Napier Port IPO a win-win case study for local government
Tuesday, 27 August 2019
OPINION: The successful NZX listing of 45 per cent of Napier Port is a case study for local authorities struggling to balance the growing requirements for infrastructure investment with limiting demands on ratepayers and retaining control of strategic assets.
The minority listing of Napier Port on August 20 is significant not just because it's the first substantial new NZX listing in two years, but because it has successfully brought private capital into a public asset while protecting the things that matter most to a local community.
Hawke's Bay is far from unique. Many of the issues it faces, and which gave rise to the Napier Port IPO, are almost universal across local government: strategic assets requiring intergenerational investment, a lack of appetite from ratepayers to pay for it, a desire from locals to retain control of regional assets and for local authorities to stay within set debt parameters.
Just like Hawke's Bay, councils now also face the challenges posed by climate change on their infrastructure, lands and assets. There is a bow wave of required major infrastructure investment just around the corner – funding pressures on local government are storm clouds on the horizon.
**READ MORE:
* Napier Port lists on NZX, just the third company in two years to do so
* Port hopes to raise up $234m in an initial public offering
* Port to give workers interest-free loans to participate in share float
* Port Napier share float and NZX listing given go ahead**
In 2018, local government held fixed assets worth $123 billion, with the provision of physical infrastructure dominating councils' spending. Debt held by local authorities has increased fivefold, from $2.7b in 2000 to $16.2b in 2018. While this level is debt is relatively modest, the trajectory isn't.
The option of using debt to provide funding to Napier Port was investigated and consulted upon before Hawke's Bay Regional Council decided on an IPO. This option would have seen debt gearing levels uncomfortably high, have led to direct and significant costs to ratepayers and could have reduced the balance-sheet flexibility to respond to unexpected events, such as natural disasters.
I don't support the sale of public assets for the sake of it, or for ideology. But now is the right time for local government to be thinking creatively and starting conversations with their communities about how to fund investment in ageing infrastructure which, in many cases, is already having to work much harder than was ever intended. Think flood protection schemes, waste and storm water systems, sewage schemes, coastal erosion protections, ports.
Where a minority IPO is the right solution, the Napier Port IPO has set out the conditions by which success should be measured. So what were they?
Let's start with the balance sheet. At the end of the 2018 financial year, Napier Port was valued at $291 million on Hawke's Bay Regional Council's books. In selling a 45 per cent stake, the council's new 55 per cent stake was, at the end of the first day of trading, valued at approximately $330m. Somewhat counter-intuitively, the balance-sheet value of its Napier Port holding increased materially through almost halving its ownership stake.

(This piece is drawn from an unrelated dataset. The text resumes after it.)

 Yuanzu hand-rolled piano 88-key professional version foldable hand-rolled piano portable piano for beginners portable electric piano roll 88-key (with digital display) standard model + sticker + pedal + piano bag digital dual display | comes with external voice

The main rationale for the IPO was to provide the funding that Napier Port needs to invest in its future – primarily a new wharf at a cost of up to $190m. In inviting private capital to partner in the port, the regional council was able to provide $110m to Napier Port. It protected ratepayers from having to foot that bill and realised additional proceeds of over $100m to invest on behalf of Hawke's Bay residents.
It has diversified what was an overly concentrated exposure on Napier Port for income and sensibly reduced its investment and asset risk profile.

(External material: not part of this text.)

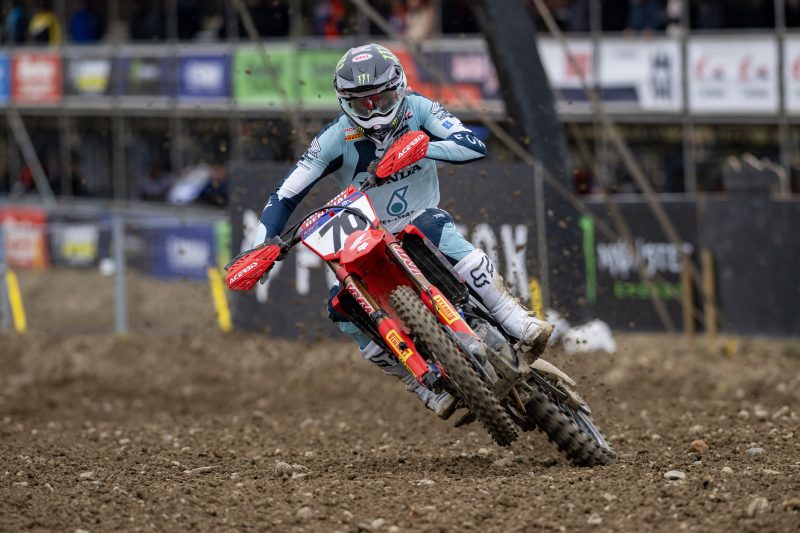 MXGP of Switzerland กับคาแร็กเตอร์สนามที่แตกต่างจากสองสนามแรกอย่างสิ้นเชิง พื้นสนามที่แข่งสลับด้วยร่องโคลนที่เหนียวและลึกในช่วงโค้งยากต่อการแซง ท้าทายศักยภาพนักแข่งและสมรรถนะของรถแข่งอย่างมาก การแข่งขันเรซที่ 1 “ทอม วิอัลเล่” กับรถแข่ง Honda CRF450RW หมายเลข 16 เริ่มต้นการแข่งขันจากอันดับที่ 18 เปิดเกมส์ได้อย่างร้อนแรง โชว์ความเหนือชั้นของฮอนด้าทีม แซงคู่แข่งขึ้นนำพร้อมกับบวกความเร็วหนีห่างออกไปทันที และเป็นการนำก่อนคว้าชนะแบบม้วนเดียวจบ ปลดล็อคคว้าชัยชนะครั้งแรกให้กับตัวเองในสังกัดฮอนด้า โดยมี “รูเบน เฟอร์นานเดซ” หมายเลข 70 ที่ขับในเรซนี้ได้อย่างยอดเยี่ยมเช่นกัน ตามขึ้นโพเดียมในอันดับที่ 3 ขณะที่ “เจฟฟรีย์ เฮอร์ลิงส์” หมายเลข 84 ลุ้นขึ้นนำในกลุ่มหัวแถว โชคร้ายอุบัติเหตุในโค้งช่วงต้นการแข่งขันทำให้โซ่หลุด พลาดโอกาสลุ้นชัยชนะไปอย่างน่าเสียดาย

The regional council consulted the local community comprehensively on the IPO proposal and put forward a range of options. Perhaps most importantly, it listened to feedback and designed an IPO structure that reflected it. Residents made it clear they did not want to fund the port's expansion but that they valued continued local ownership. A majority of submitters supported a minority IPO.
Approximately 20 per cent of the shares on offer went to groups prioritised through the IPO design: iwi, port staff, locals and non-resident ratepayers. Almost every permanent employee of Napier Port opted to own shares via an employee share scheme.
Today, Napier Port has the funds it needs to begin to invest in its future. It still has a majority council shareholder representing ratepayers, plus locals, iwi and investment institutions all owning shares. The regional council also retains a healthy level of commercial exposure to the port's financial performance.
This diversification of ownership will provide an opportunity for broader public participation in the port's operations. Having almost every member of staff owning shares can only be positive for the culture and the safe, profitable ongoing operation of Napier Port.
And then there's the capital markets. In harnessing some of the $6b that flows into KiwiSaver funds every year for regional infrastructure investment, New Zealand can also strengthen and deepen its capital markets.
The Napier Port minority IPO has demonstrated that, when community feedback is incorporated into transaction design, an IPO can meet multiple requirements. It can deliver success for a region and its ratepayers, for local investors and for local authorities facing increasing challenges in the funding of infrastructure investment and environmental management.
Communications and investor relations consultant Jonathan Hill advised Hawke's Bay Regional Council on the Napier Port IPO.